C'est la France des frigos vides. Celle des produits discount et des petits paniers, celle aussi qui peine à frapper aux portes des associations caritatives pour se faire aider. Alors que s'ouvre lundi 25 novembre la 29e campagne des Restos du cœur, qui risque cette année d'atteindre le chiffre record de 1 million de personnes accueillies, de plus en plus de familles vivent en « insécurité alimentaire ».

De ces ménages qui doivent faire des restrictions telles qu'ils n'ont plus accès en quantité mais surtout en qualité aux aliments pour satisfaire leurs besoins nutritionnels et leurs préférences alimentaires, on sait peu de chose. En France, contrairement aux Etats-Unis, la notion est encore mal connue et souvent confondue avec l'absence ou l'insuffisance de sécurité des aliments. La tentation est aussi facile de restreindre cette population à celle des 3, 5 millions de bénéficiaires de l'aide alimentaire.

Pourtant, de l'avis de Nicole Darmon, directrice de recherche à l'Institut national de la recherche agronomique (INRA), qui a étudié les comportements alimentaires des personnes défavorisées, 12,2 % des adultes appartiendraient à un foyer en « situation d'insécurité alimentaire pour raisons financières », soit plus de 6 millions de personnes, un chiffre bien supérieur à la population qui a recours à l'aide alimentaire.

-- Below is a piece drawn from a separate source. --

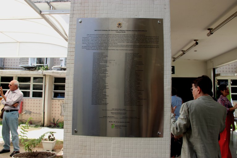 O Memorial de Mecânica foi organizado em homenagem aos/às profissionais que, ao longo dos 113 anos de história da Instituição, contribuíram com sua dedicação e trabalho, para a atual conquista do conceito máximo (nota 5) pelo MEC/INEP do curso hoje de Bacharelado em Engenharia Mecânica. Participaram da solenidade o ex-prefeito João da Costa, professor Jairo Brito, professor Felipe González, coordenador do curso de Engenharia Mecânica da Unidade do Cabo da UFRPE representando a reitoria da Universidade, além do reitor do Instituto, José Carlos de Sá, do diretor do IFPE Barreiros, Adalberto Arruda e outros integrantes do IFPE.
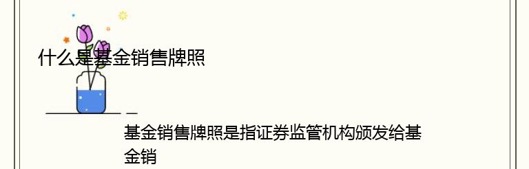 基金销售牌照是指证券监管机构颁发给基金销售机构的一种许可证,允许其在特定的范围内从事基金销售业务。在中国,基金销售牌照由中国证券监督管理委员会(简称“证监会”)颁发。

« Ce phénomène, même s'il est trois fois plus fréquent parmi les ménages défavorisés, ne se résume pas à la pauvreté monétaire, explique Mme Darmon. On estime ainsi que 22 % des personnes qui vivent en dessous du seuil de pauvreté sont en situation d'insécurité alimentaire. Bien que plus faible, cette proportion atteint près de 8 % parmi les personnes vivant au-dessus de ce seuil. »

Wednesday, December 04, 2013

Le Terroir: is the holistic combination of soil, geology, climate and local grape-growing practices real or mysticism?

"American wine growers have long expressed varying degrees of skepticism about [the] ineffable concept" of terroir, asks Nicholas Wade in a New York Times article (one replete with French phrases), "some dismissing it as unfathomable mysticism and others regarding it as a shrewd marketing ploy to protect the cachet of French wines."
 Terroir is a concept at the heart of French winemaking, but one so mysterious that the word has no English counterpart. It denotes the holistic combination of soil, geology, climate and local grape-growing practices that make each region’s wine unique.

 … Now American researchers may have penetrated the veil that hides the landscape of terroir from clear view, at least in part. They have seized on a plausible aspect of terroir that can be scientifically measured — the fungi and bacteria that grow on the surface of the wine grape. 

 …The discovery of stable but differing patterns of microbial communities from one region’s vineyards to another means that microbes could explain, at least in part, why one region’s zinfandel, say, tastes different from another’s. The links between microbes and wine-growing regions “provide compelling support for the role of grape-surface microbial communities in regional wine characteristics,” the researchers conclude.

 … While [David A. Mills] said that “I make fun of terroir all the time,” he believes that regional distinctions between vineyards do exist and that microbes have a role in creating them. If the specific links between microbes and the sensory properties of wine can be identified, growers will be able to take a savoir-faire attitude to terroir instead of a je ne sais quoi shrug. 

On the other hand, he added, pinning the qualities of wine on bacteria and fungi may spoil that frisson of enchantment for some connoisseurs. “Many people don’t want this figured out,” he said, “because it demystifies the wonderful mystery of wine.”